When asked recently in an interview how President Donald Trump should handle immigrants who entered the country unlawfully but haven’t otherwise violated another law, Rand Paul said his preference is to institute a work program.
“I’ve always thought the trade-off was this: If you came here illegally, you get to work, you still don’t get to vote and you really don’t get on a track to vote. You came here illegally,” Paul told the Herald-Leader on Jan. 10. “Your punishment is you don’t have a citizenship track, but you get to stay and you get to work.
“This is how most of the world operates and it’s not really a harsh system.”
It’s an idea with a decades-long history that’s been mired in the messy politics of immigration.
There have been proposals to establish temporary legal status, guest worker programs or temporary visas for the millions of undocumented workers who power the agriculture and services industries.
But the ideas have always fizzled due to hardline conservatives who have maintained that border security must come first before any comprehensive deal is hatched.
The issue of how far Immigration and Customs Enforcement will go in removing undocumented residents crystallized this week when a senior Trump administration told NBC News that nearly half of those detained on Sunday’s arrest raids did not have criminal records.
Nor Paul or Mitch McConnell have commented on the daily ICE raids.
There have been no specific reports of such large-scale raids in Kentucky, but federal immigration authorities did arrest at least one man in Central Kentucky earlier this week. Agents said they were “operating under executive order from President Trump,” the man’s lawyer, John Reynolds, told the Herald-Leader.
Some community members have expressed anxiety about the potential of raids, and school districts have begun preparing staff for what to do if ICE agents arrive on campus.
ICE had made 5,537 arrests during the first eight days of the Trump presidency, according to numbers released Wednesday.
‘A little hard to say’
Paul also initially broke with Trump’s idea to use the U.S. military for mass deportations of undocumented immigrants, saying such enforcement should remain under civilian authorities.
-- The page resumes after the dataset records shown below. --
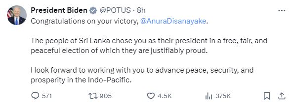 අමෙරිකානු ජනාධිපති ජෝ බයිඩන් ශ්රී ලංකාවේ නව ජනාධිපතිවරයා ලෙස තේරී පත්වූ අනුර කුමාර දිසානායක මහතා වෙත සුබ පැතුම් පණිවුඩයක් යොමු කර තිබෙයි.
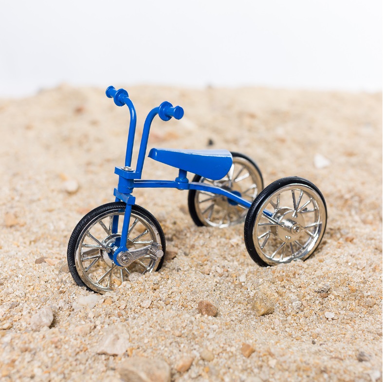 Металлический велосипед в миниатюре - почти как настоящий. Масштаб 1:10. Замечательно впишется в оформление  вашего кукольного домика или окружающей территории. Такой велосипед также подойдет в качестве достойного аксессуара для рукодельной куклы или игрушки.
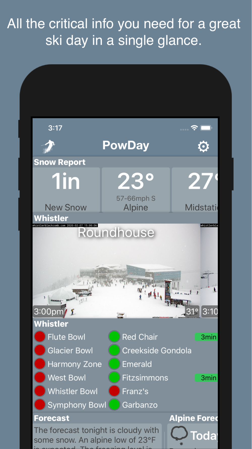 PowDay is your ski-day companion for Whistler Blackcomb.
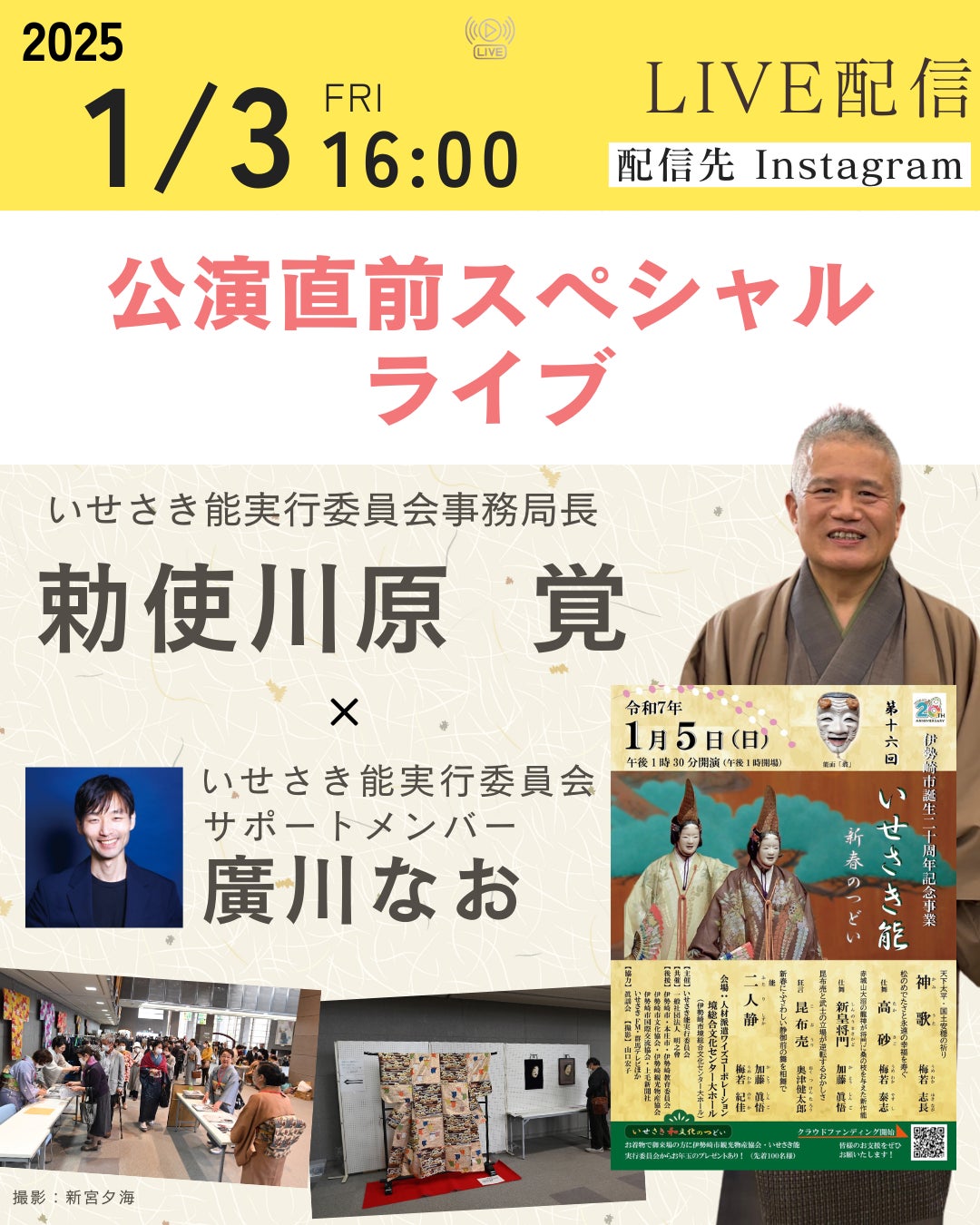 • 明けましておめでとうございます。本年もよろしくお願いいたします2025年のお正月はいかがおすごしでしょう。ご家族でゆっくりされていますか??第16回いせさき能の公演はいよいよ1月5日(日)になります!!というわけで!!公演直前スペシャルライブを行います!ーーーーーーーーーーーーーーーーーーーー【ライブ配信】 1月3日(金)16時から配信先: https://www.instagram.com/teshigawara.s/https://www.instagram.com/isesakinou/ーーーーーーーーーーーーーーーーーーーーいせさき能実行委員会事務局長 勅使川原覚、サポートメンバー廣川なおの2人で行います。ぜひ遊びに来て下さい!お正月のこと、公演の見どころ、チケットや公演準備の状況などなどをお伝えいたします!コメント参加もお待ちしておりますーーーーーーーーーーーーーーーーーーーー~お知らせ~☆いせさきFMに出演いたしました☆https://creators.spotify.com/pod/show/isetama/episodes/ep-e2ss5p4/a-abn1a72【公演情報】第16回いせさき能 新春のつどい日時2025年1月5日 (日)13:30 場所伊勢崎市境総合文化センター演目『神歌』梅若志長 梅若泰志仕舞『高砂』梅若泰志仕舞『新皇将門』加藤眞悟狂言『昆布売』奥津健太郎 奥津健一郎能『二人静』加藤眞悟 梅若紀佳チケットconfetti-web.com/events/3562公式HPhttps://isesakinou.amebaownd.com/公式Instagramhttps://www.instagram.com/isesakinou/Xhttps://x.com/isesakinou もっと見る
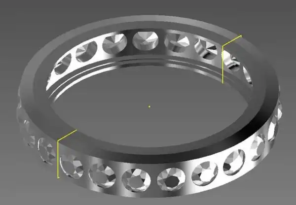 Весь процесс задокументирован в блоге автора. Первым делом проект создаётся в программе AutoCAD для 3D-моделирования: нужно рассчитать, чтобы после добавления деталей кольцо вышло правильного внутреннего диаметра, размеры камней и углублений под них, а также расстояние между углублениями.
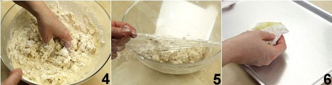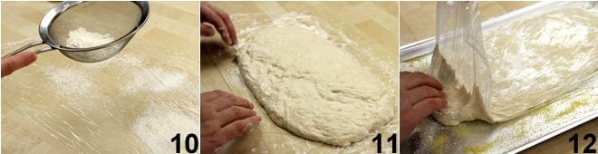 Misture apenas o necessário para incorporar os ingredientes 4, depois cubra a tigela com filme plástico 5 e deixe fermentar em temperatura ambiente (coloque a tigela dentro do forno desligado) por pelo menos 18 horas. Após o tempo indicado, a massa deve ter uma consistência cheia de bolhas e bastante pegajosa. Pegue uma assadeira, unte levemente 6 com azeite de oliva extravirgem.
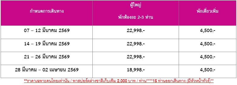 6 วัน 5 คืน (มีนา 2569)
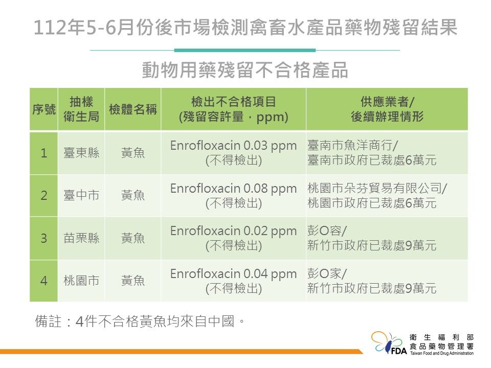 食藥署說明,此次4件不合格產品都是自中國進口的「黃魚」,分別於家樂福台東分公司、珍饌全冷凍牛排海鮮連鎖專賣店、家樂福苗栗分公司、大潤發流通事業股份有限公司平鎮分公司所抽驗到。

But in the interview with The Herald-Leader, the senator tempered his critique, anticipating that the Trump administration would use emergency powers to further activate military forces.
“I think they’re going to use different authorities to use the active military. If the active military is deployed at the border to stop people from breaking into the country, it’s a little hard for me to argue against it being used in that way,” said Paul.
“It’s not my preference, but it’s a little hard to say you can’t place people at the border of our country to stop people from illegally coming in, particularly since some of these people are frankly a threat to our domestic security but even our national security.”
Shortly after Trump’s inauguration, the administration began employing U.S. military aircraft, such as C-17 planes, to expedite the removal of migrants to countries including Guatemala and Colombia. This approach was part of a broader strategy to intensify immigration enforcement following a declared national emergency at the southern border.
Internationally, this policy has led to early diplomatic tensions.
Colombia initially refused to allow U.S. military planes carrying deported nationals to land, resulting in a standoff that was eventually resolved after Trump threatened to slap tariffs on the Latin American country.